Exercise instructions: Copy, exactly as written, the lines that begin at the one containing "Elevate your kitchen" and end at the one containing "application. If the". Skip any pictures in the data below.

The input:
++++

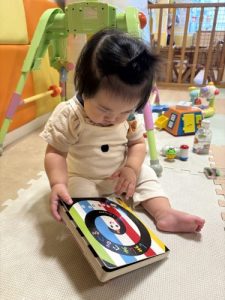 月齢が高くなってくると、絵本の中の絵を指さして内容を楽しむ姿も見られ始めてきました👀💓
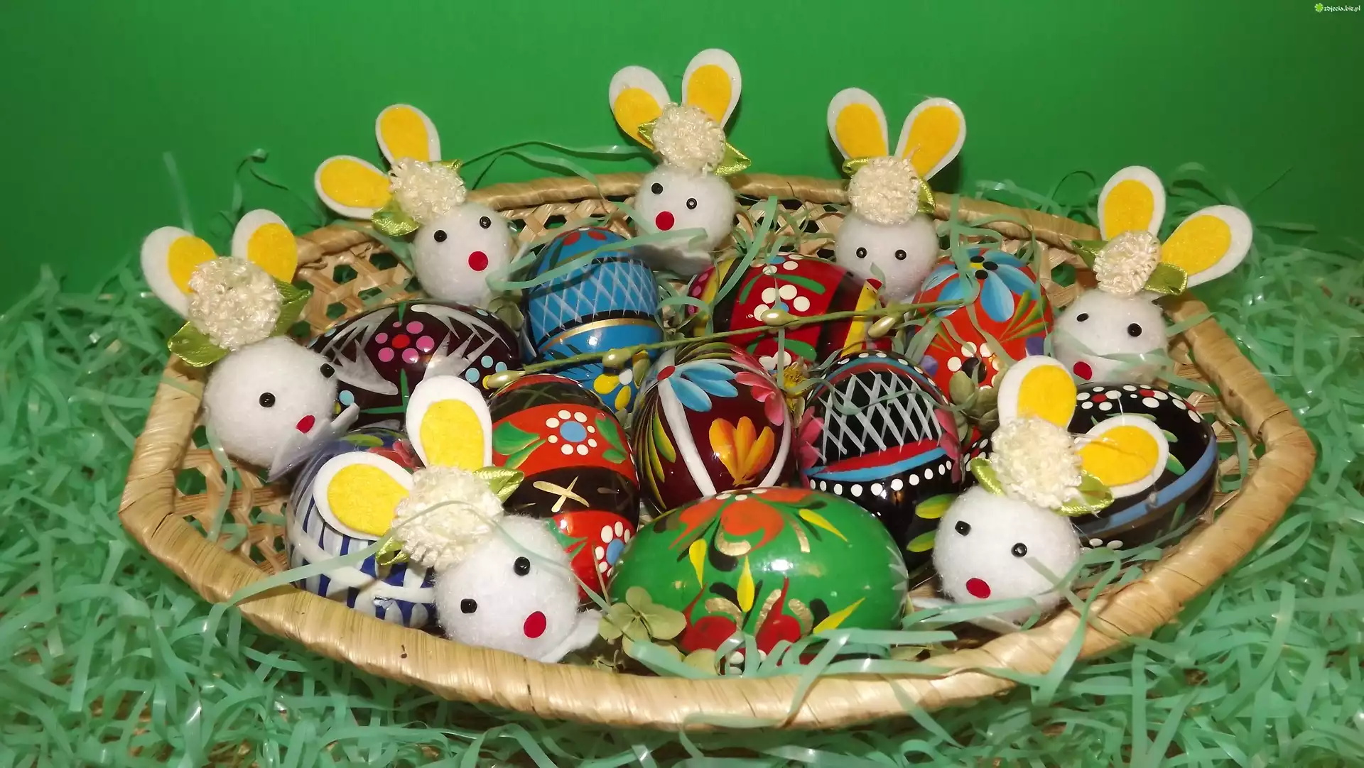 Zdjęcie Wielkanoc, Koszyk, Pisanki, Zajączki
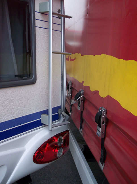 Lastbilchaufføren underskrev skadesanmeldelsen og påtog sig det fulde ansvar, vi holdt jo også parkeret, så der var ikke noget at diskutere. Stigen blev afmonteret og det var ikke værre, end at vi kunne fortsætte ferien.
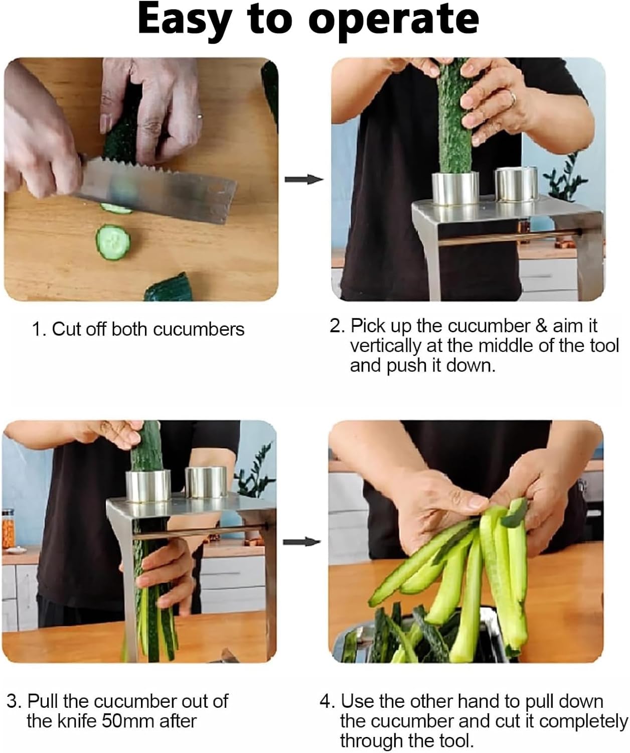 Elevate your kitchen experience with the Handy Carrot Stick Cutter Tool! This versatile and efficient stainless steel manual cucumber cutter is designed to make meal preparation a breeze. With a cutting diameters of 45mm, you can effortlessly create perfectly uniform slices for your favorite dishes, whether it's refreshing salads, delicious sushi rolls, or easy-to-prepare snacks. Specifications: Name: Manual Cucumber Cutter Material: 304 Stainless Steel Size: 225 * 180 * 332mm Net Weight: 1.95kg Cutting Speed: 10 Slices/Minute Cutting Diameter: ≤45mm Cutting Options: 8-Blade, 10-Blade, 12-Blade Cleaning Method: Full Cleaning Packaging List: 1pc x Manual Cucumber Cutter
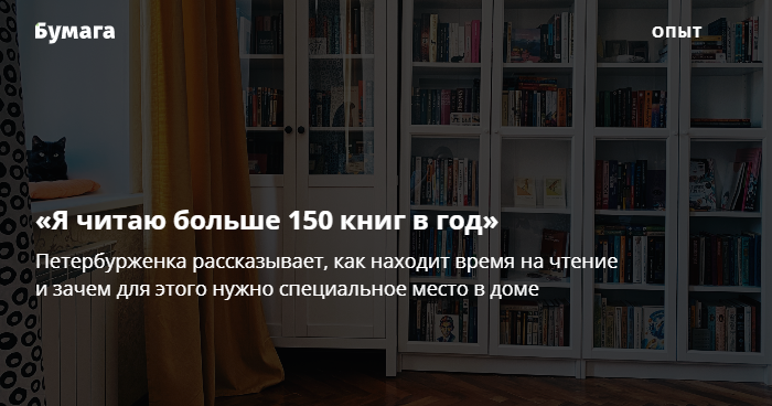 — Когда я читаю, то расслабляюсь, поэтому стараюсь сделать так, чтобы для книг было время. Я работаю каждый день, но по вечерам всегда выделяю время на чтение. Я обустроила себе гнездо — диван с пледами, рядом стоит прикроватный столик, где лежат книги, которые я сейчас читаю, туда можно поставить чай, фрукты. Когда сажусь читать, приходят кошки и облепляют меня.
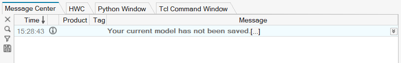 application. If the HWC Console, Python Window, and/or the Tcl Command Window are also open, the Message Center opens as a separate tab.Figure 1. Message Center, docked and opened as a separate
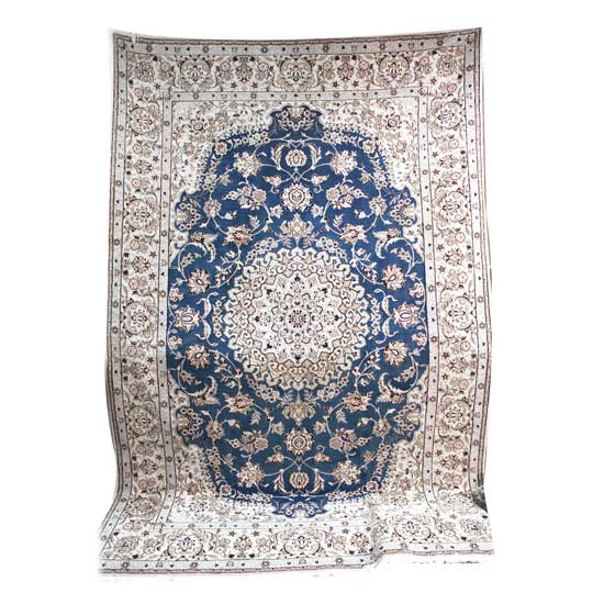 This handmade carpet features a sophisticated and tasteful design. Made from wool and silk, the carpet showcases scrupulous craftsmanship with great detail. The luxurious carpet will add a touch of refinement to your home decor.
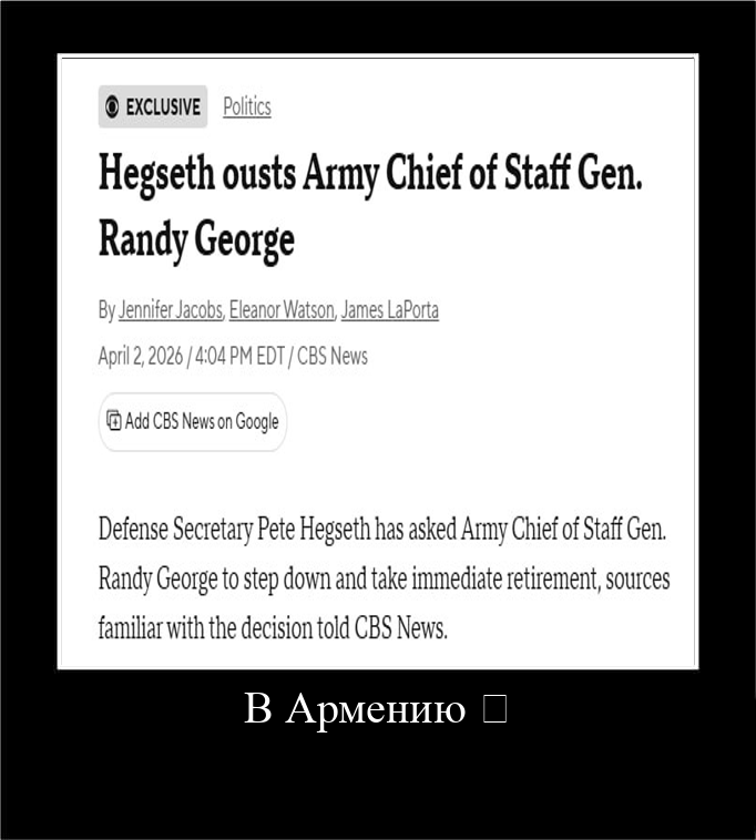 визуальные теги: the article is about the dangers of the new york fire. OCR: @ EXCLUSIVE Politics Hegseth ousts Army Chief of Staff Gen. Randy George By Jennifer Jacobs, Eleanor Watson, James LaPorta April 2, 2026 / 4. выбран текст: В Армению 🌚
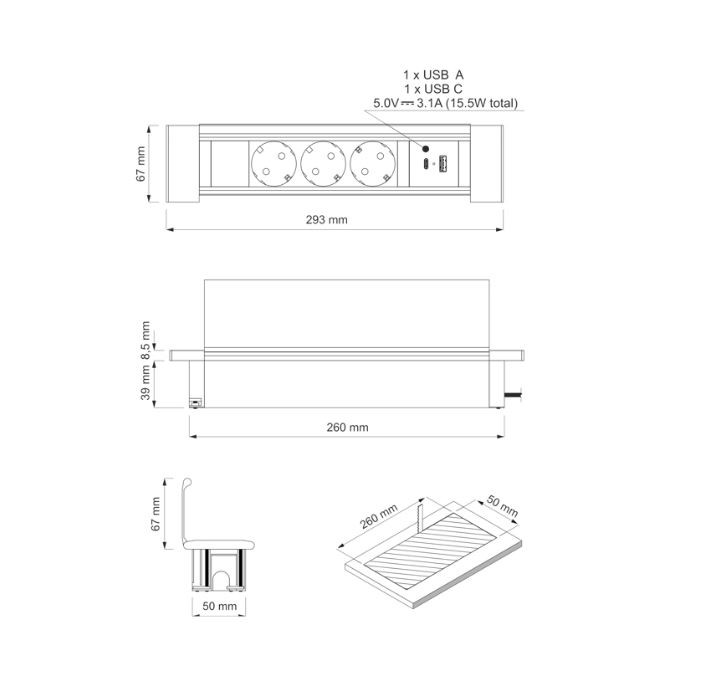 2 x USB porty A + C (5 V DC max. 3,1A/ 15,5 W).

++++

The answer:
 Elevate your kitchen experience with the Handy Carrot Stick Cutter Tool! This versatile and efficient stainless steel manual cucumber cutter is designed to make meal preparation a breeze. With a cutting diameters of 45mm, you can effortlessly create perfectly uniform slices for your favorite dishes, whether it's refreshing salads, delicious sushi rolls, or easy-to-prepare snacks. Specifications: Name: Manual Cucumber Cutter Material: 304 Stainless Steel Size: 225 * 180 * 332mm Net Weight: 1.95kg Cutting Speed: 10 Slices/Minute Cutting Diameter: ≤45mm Cutting Options: 8-Blade, 10-Blade, 12-Blade Cleaning Method: Full Cleaning Packaging List: 1pc x Manual Cucumber Cutter
 — Когда я читаю, то расслабляюсь, поэтому стараюсь сделать так, чтобы для книг было время. Я работаю каждый день, но по вечерам всегда выделяю время на чтение. Я обустроила себе гнездо — диван с пледами, рядом стоит прикроватный столик, где лежат книги, которые я сейчас читаю, туда можно поставить чай, фрукты. Когда сажусь читать, приходят кошки и облепляют меня.
 application. If the HWC Console, Python Window, and/or the Tcl Command Window are also open, the Message Center opens as a separate tab.Figure 1. Message Center, docked and opened as a separate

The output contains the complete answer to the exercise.